Suprising gregorian sound so simple yet effectivve, muusic of meditation and ''receuillement'' =(dont know the words in english, but anyway...

Tell me interesting classical composer whit available lp or cd 
or simple monastary music of choice since im a man of taste.

Anyway any gregorian lover here or someone who Gregorian and ars antiqua has no secrets please, i love you guys please give me a chance ok dear mister and miss.

I admit i faulter, and in french there is a maxim::: faute avouer faute a moitié pardonné . please let me post normally i have so mutcch to tell you folk i made discovery all n all

Thank you , and please , tell me what do you think of deprofundis


----------



## Mandryka (Feb 22, 2013)

The thing I've been exploring most recently is Aquitaine chant, there's a recording by Peres that I like for it's reticence, I think it was his first recording with EO. There are also two very satisfying recordings with Sequentia which are satisfying in rather different ways.

Two other chant things which I found recently, and recommend enthusiastically, are an extraordinary reconstruction of a late medieval mass by the Goettinge Choral Schola with the instrumental group Ensemble Aeolus, and Cistercian chants from Per Sonat. Both very addictive.

Let me know if you have any difficulty finding these CDs

I've never heard of Adhémar de Chabannes, do you know the English word _Shebeen_? I used to go to one when I was a teenager.

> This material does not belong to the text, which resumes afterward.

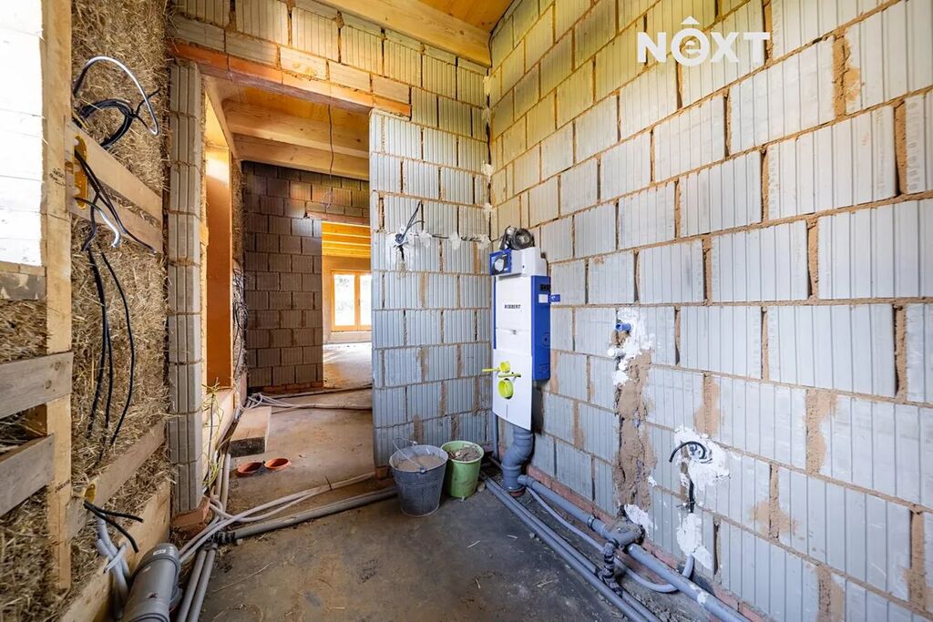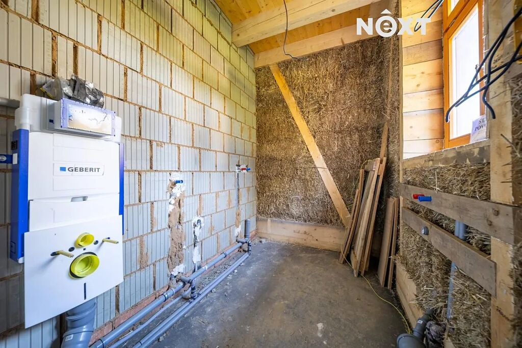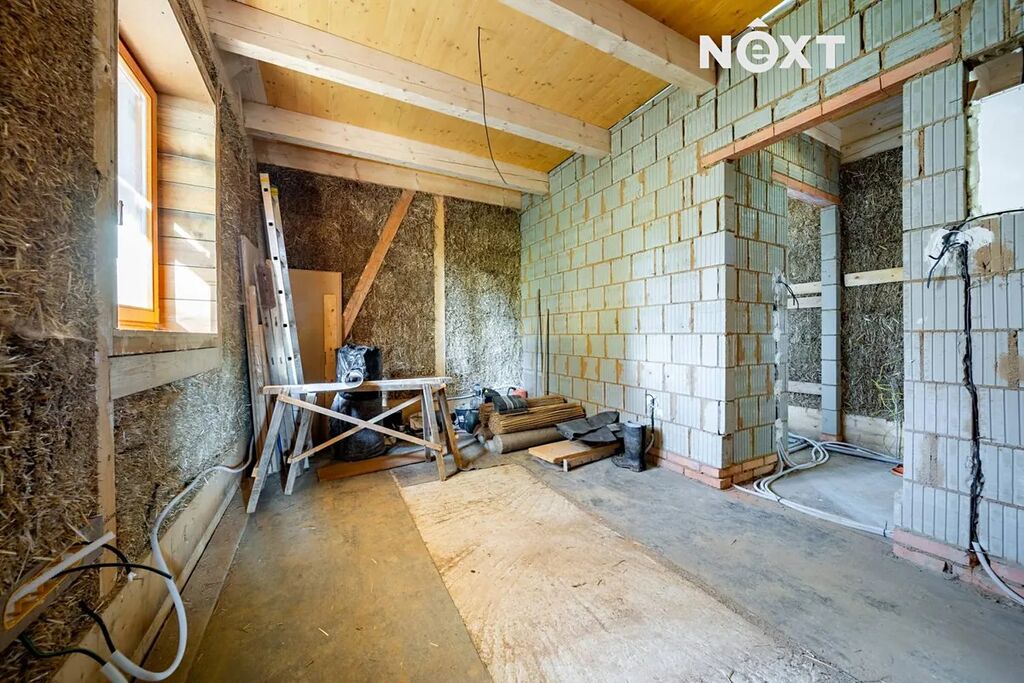 Z pohledu exteriéru chybí dodělat fasádu, terasy, schody a chodníčky a napojit si dům na sítě. V domě jsou elektroinstalace, voda a odpady dokončené. Co se interiéru týče je třeba dodělat část omítek, kompletní podlahy, dveře, zárubně, sanitu v koupelně, kotel na vytápění, schodiště a obytné podkroví (3 pokoje). Celkový rozpočet na dokončení domu včetně napojení na sítě je cca CZK 1.5 MIO. Majitelka nabízí možnost propojení s profesionální firmou, která s těmito výjimečnými stavebními materiály a technologiemi umí pracovat. Některé materiály na dokončení domu se nachází na místě a jsou v ceně domu (parapety i obklad soklu, zateplení podkroví apod.). Základy domu jsou robustní (hloubka až 1,7 m) a doplněny profesionální drenáží, která zajišťuje suchý a stabilní pozemek. Dům je připraven k napojení na sítě, součástí prodeje je projekt na čističku, (cca CZK 100.000,-), elektřina je na hranici pozemku, vodu je nutno řešit kopanou studnou (voda je přibližně v hloubce 4-7 m). Majitelka má projekt se stavebním povolením na kopanou studnu v celkových nákladech cca 100.000,-).

https://en.wikipedia.org/wiki/Shebeen

receuillement -- the state of being _rapt_. I always translate _receuilli _by _rapt_, which seems the capture the idea of being intensely inward looking, intensely thoughtful. Gathered in on yourself. Don't mix it up with the English word _rapture_. And obviously nothing whatsoever to do with the French word _rapt_!


----------



## millionrainbows (Jun 23, 2012)

Do you enjoy being a specialist, Mandryka? I wonder what your motivation is. You've said you like beautiful voices, but are you in a choir, a choral teacher, super-religious, or what? Just wonderin'. You can ask me a question now, if you wish.


----------



## Mandryka (Feb 22, 2013)

millionrainbows said:


> Do you enjoy being a specialist, Mandryka? I wonder what your motivation is.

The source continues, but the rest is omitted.